Tree size of 6 appears to have the lowest CV rate.

(i) Produce a pruned tree corresponding to the optimal tree size obtained using cross-validation. If cross-validation does not lead to selection of a pruned tree, then create a pruned tree with five terminal nodes.

oj.pruned = prune.tree(oj.tree, best = 6)

(j) Compare the training error rates between the pruned and unpruned trees.

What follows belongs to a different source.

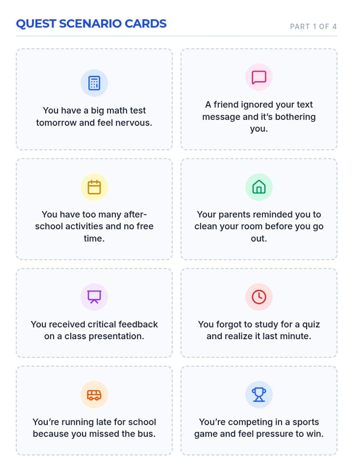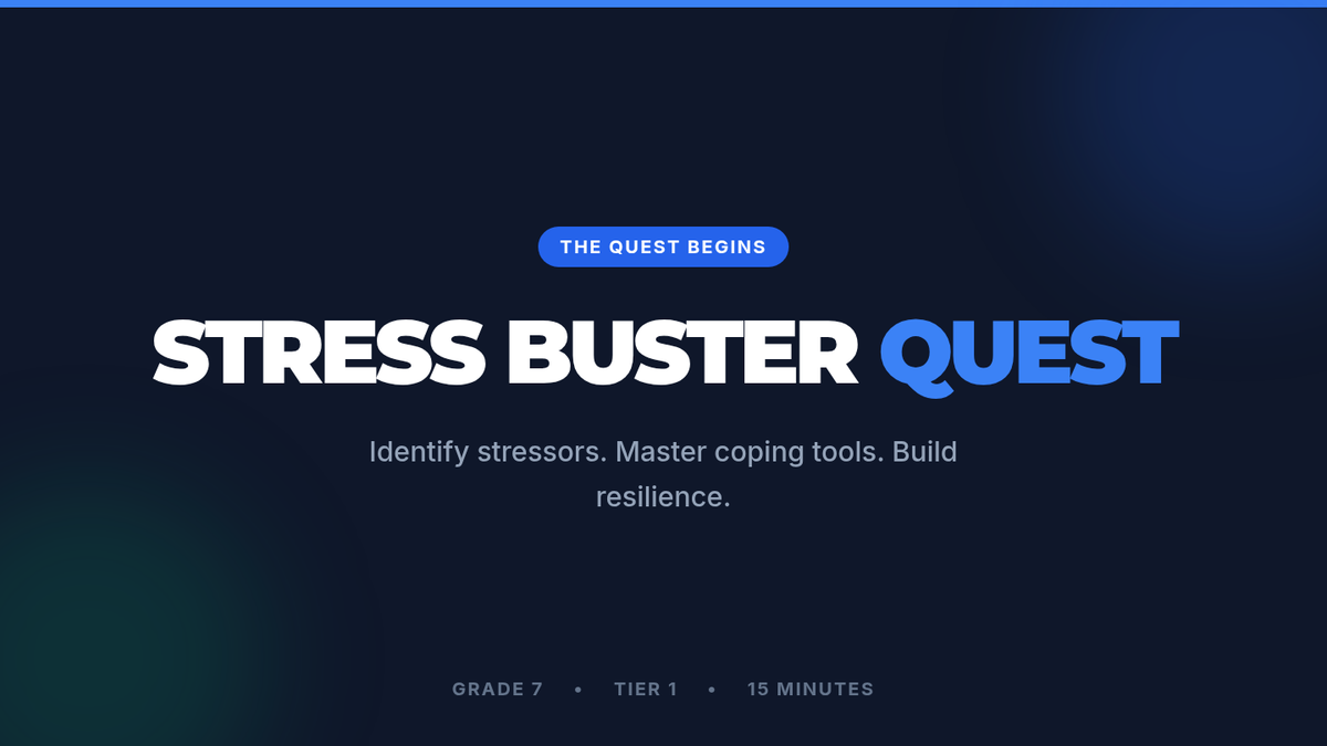 A fast-paced 15-minute Tier 1 lesson for 7th graders using a movement-based game to identify stressors and practice quick coping strategies. Students draw scenario cards, spin for strategies, and move along a quest path to build resilience.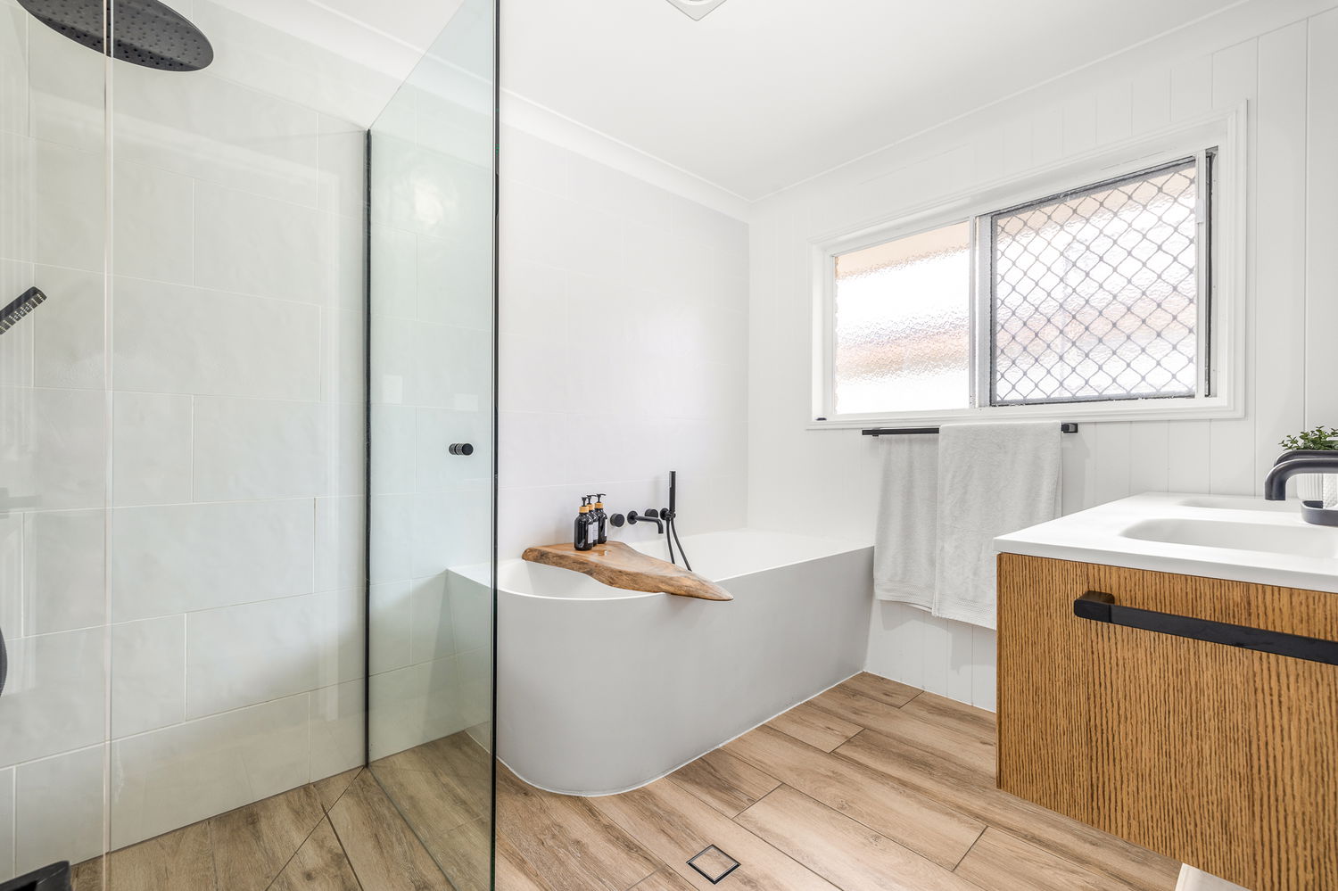 The main bathroom is stylishly renovated and includes a separate toilet, offering added convenience for busy families.

Which is higher?

summary(oj.pruned)

## 
## Classification tree:
## snip.tree(tree = oj.tree, nodes = 12L)
## Variables actually used in tree construction:
## [1] "LoyalCH"       "PriceDiff"     "ListPriceDiff"
## Number of terminal nodes:  6 
## Residual mean deviance:  0.7701 = 611.5 / 794 
## Misclassification error rate: 0.175 = 140 / 800

summary(oj.tree)

## 
## Classification tree:
## tree(formula = Purchase ~ ., data = OJ.train)
## Variables actually used in tree construction:
## [1] "LoyalCH"       "PriceDiff"     "ListPriceDiff" "SalePriceMM"  
## Number of terminal nodes:  7 
## Residual mean deviance:  0.7564 = 599.8 / 793 
## Misclassification error rate: 0.1612 = 129 / 800

We can see from the table that the misclasification rate for the pruned oj is higher.

(k) Compare the test error rates between the pruned and unpruned trees. Which is higher?

pred.unpruned = predict(oj.tree, OJ.test, type = "class")
misclass.unpruned = sum(OJ.test$Purchase != pred.unpruned)
misclass.unpruned/length(pred.unpruned)

## [1] 0.1666667

pred.pruned = predict(oj.pruned, OJ.test, type = "class")
misclass.pruned = sum(OJ.test$Purchase != pred.pruned)
misclass.pruned/length(pred.pruned)

## [1] 0.2

We see that the pruned has a higher error rate.